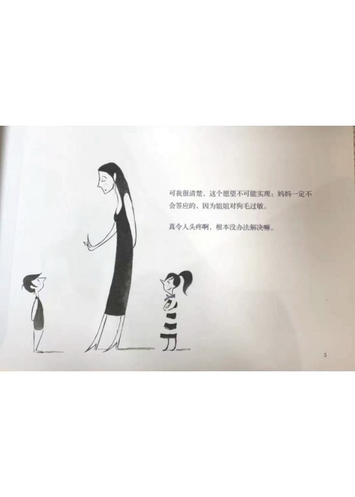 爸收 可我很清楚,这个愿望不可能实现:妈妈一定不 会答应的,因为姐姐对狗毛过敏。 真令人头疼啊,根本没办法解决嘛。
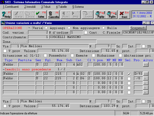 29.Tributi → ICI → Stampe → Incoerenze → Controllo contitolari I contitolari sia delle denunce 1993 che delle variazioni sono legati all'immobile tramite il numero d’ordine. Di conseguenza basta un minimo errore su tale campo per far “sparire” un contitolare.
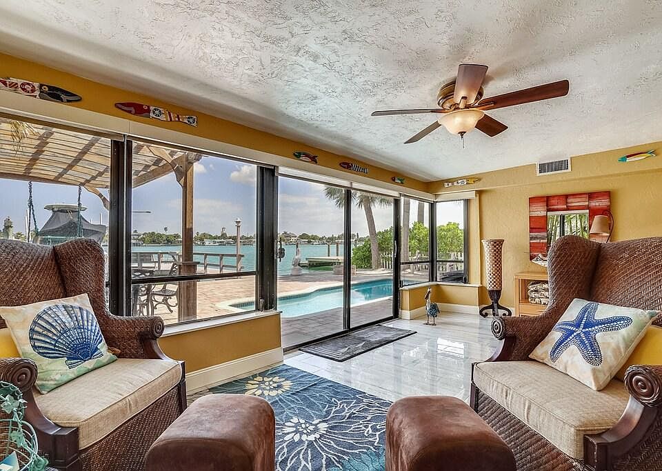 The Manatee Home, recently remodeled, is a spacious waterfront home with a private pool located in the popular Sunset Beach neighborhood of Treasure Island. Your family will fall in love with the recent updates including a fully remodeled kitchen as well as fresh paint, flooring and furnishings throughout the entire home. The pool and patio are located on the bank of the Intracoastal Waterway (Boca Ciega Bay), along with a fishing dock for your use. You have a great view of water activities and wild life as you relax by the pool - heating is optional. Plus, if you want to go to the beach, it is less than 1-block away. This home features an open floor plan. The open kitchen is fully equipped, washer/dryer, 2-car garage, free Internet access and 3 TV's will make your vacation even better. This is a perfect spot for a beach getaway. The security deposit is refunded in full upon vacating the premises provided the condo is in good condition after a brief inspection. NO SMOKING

▬▬▬

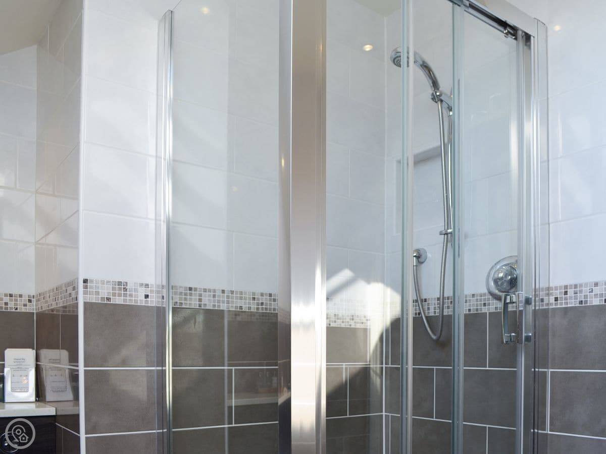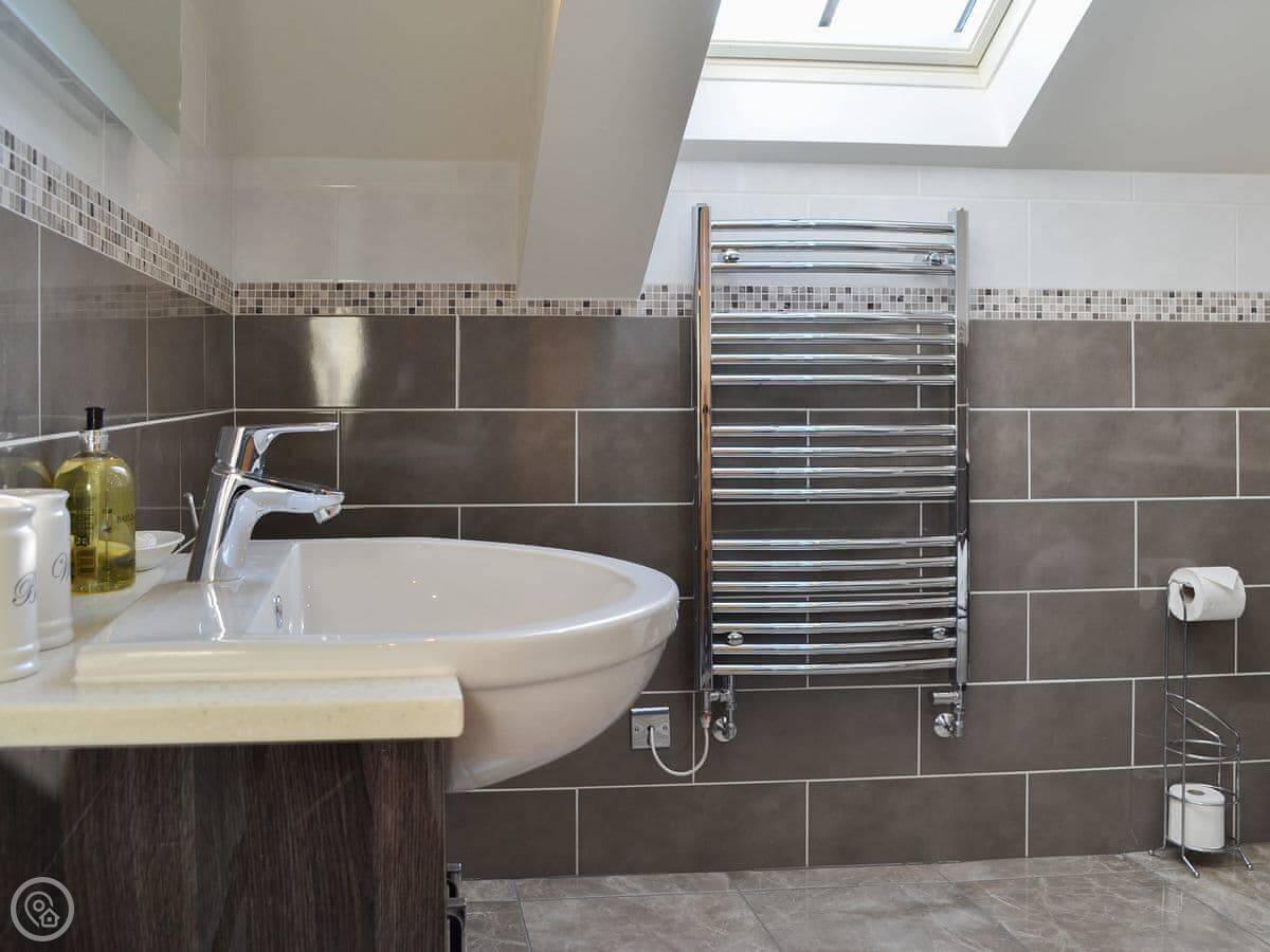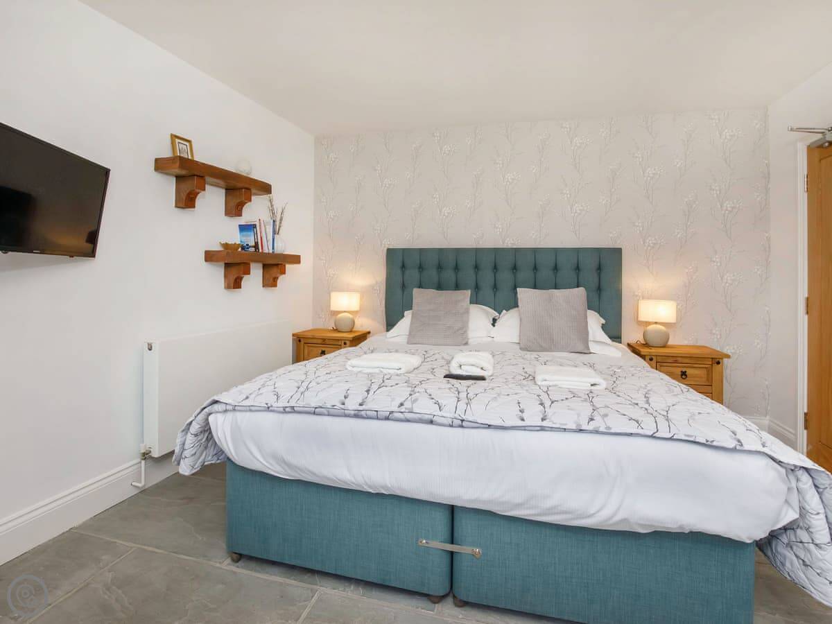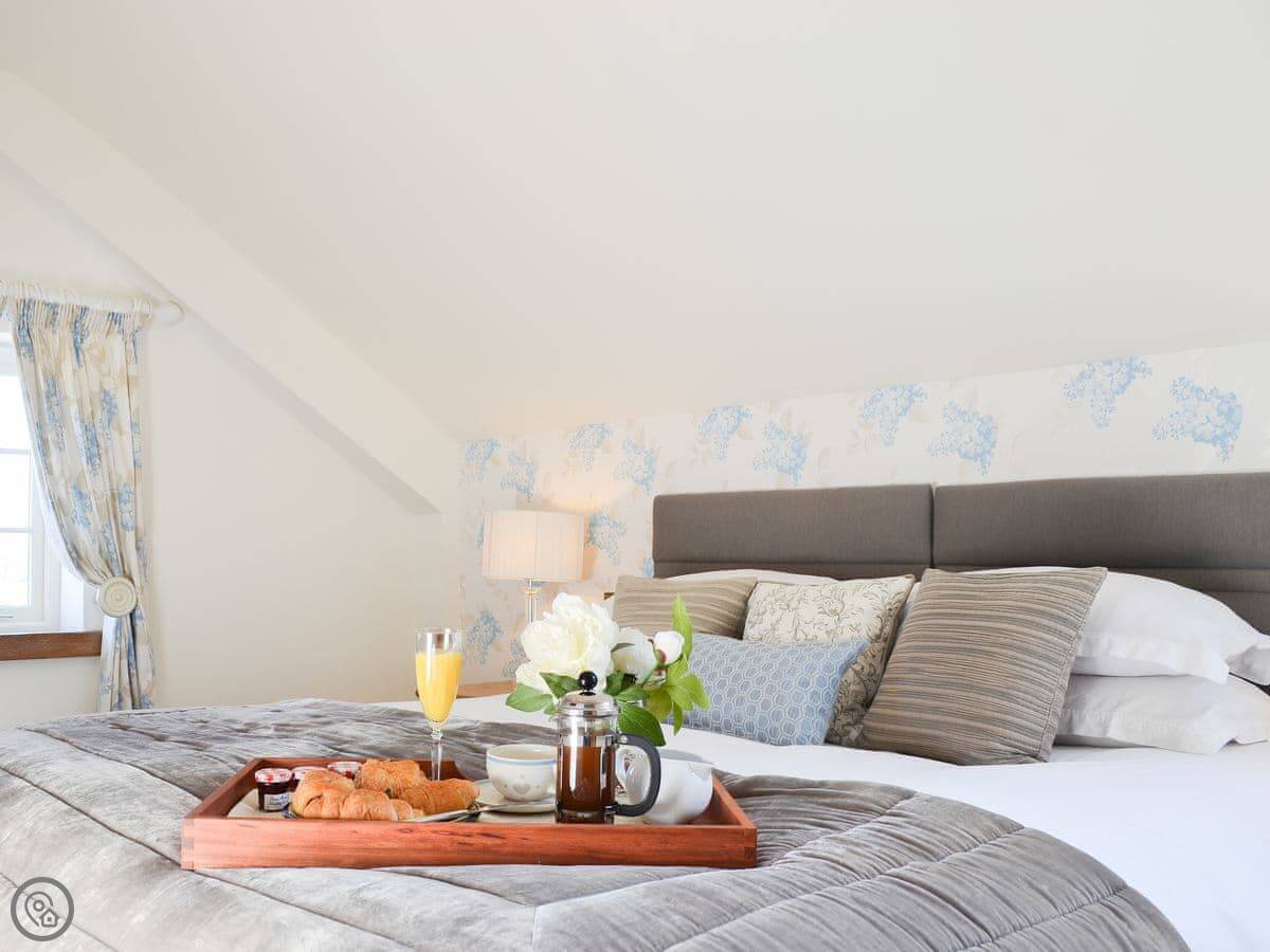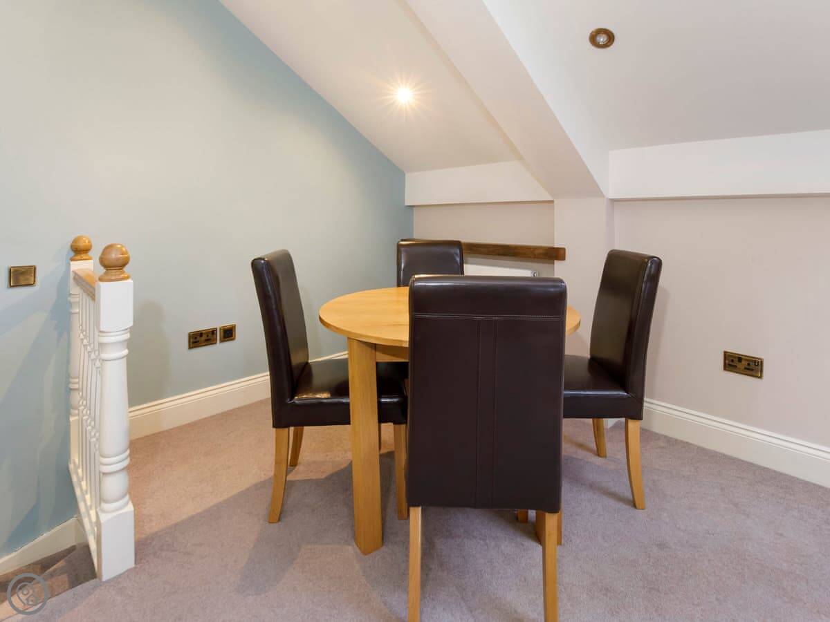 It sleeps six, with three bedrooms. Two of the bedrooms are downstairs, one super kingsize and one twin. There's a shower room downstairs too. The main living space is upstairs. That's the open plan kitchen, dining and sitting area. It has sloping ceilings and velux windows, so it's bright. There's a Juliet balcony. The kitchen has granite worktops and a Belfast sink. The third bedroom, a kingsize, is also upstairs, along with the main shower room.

▬▬▬

## Brief
Above are the records; please give again, exactly and in full, only the lines that run from the line with "29.Tributi → ICI" through the line with "The Manatee Home, recently", with no pictures.

## Reply to the exercise
 29.Tributi → ICI → Stampe → Incoerenze → Controllo contitolari I contitolari sia delle denunce 1993 che delle variazioni sono legati all'immobile tramite il numero d’ordine. Di conseguenza basta un minimo errore su tale campo per far “sparire” un contitolare.
 The Manatee Home, recently remodeled, is a spacious waterfront home with a private pool located in the popular Sunset Beach neighborhood of Treasure Island. Your family will fall in love with the recent updates including a fully remodeled kitchen as well as fresh paint, flooring and furnishings throughout the entire home. The pool and patio are located on the bank of the Intracoastal Waterway (Boca Ciega Bay), along with a fishing dock for your use. You have a great view of water activities and wild life as you relax by the pool - heating is optional. Plus, if you want to go to the beach, it is less than 1-block away. This home features an open floor plan. The open kitchen is fully equipped, washer/dryer, 2-car garage, free Internet access and 3 TV's will make your vacation even better. This is a perfect spot for a beach getaway. The security deposit is refunded in full upon vacating the premises provided the condo is in good condition after a brief inspection. NO SMOKING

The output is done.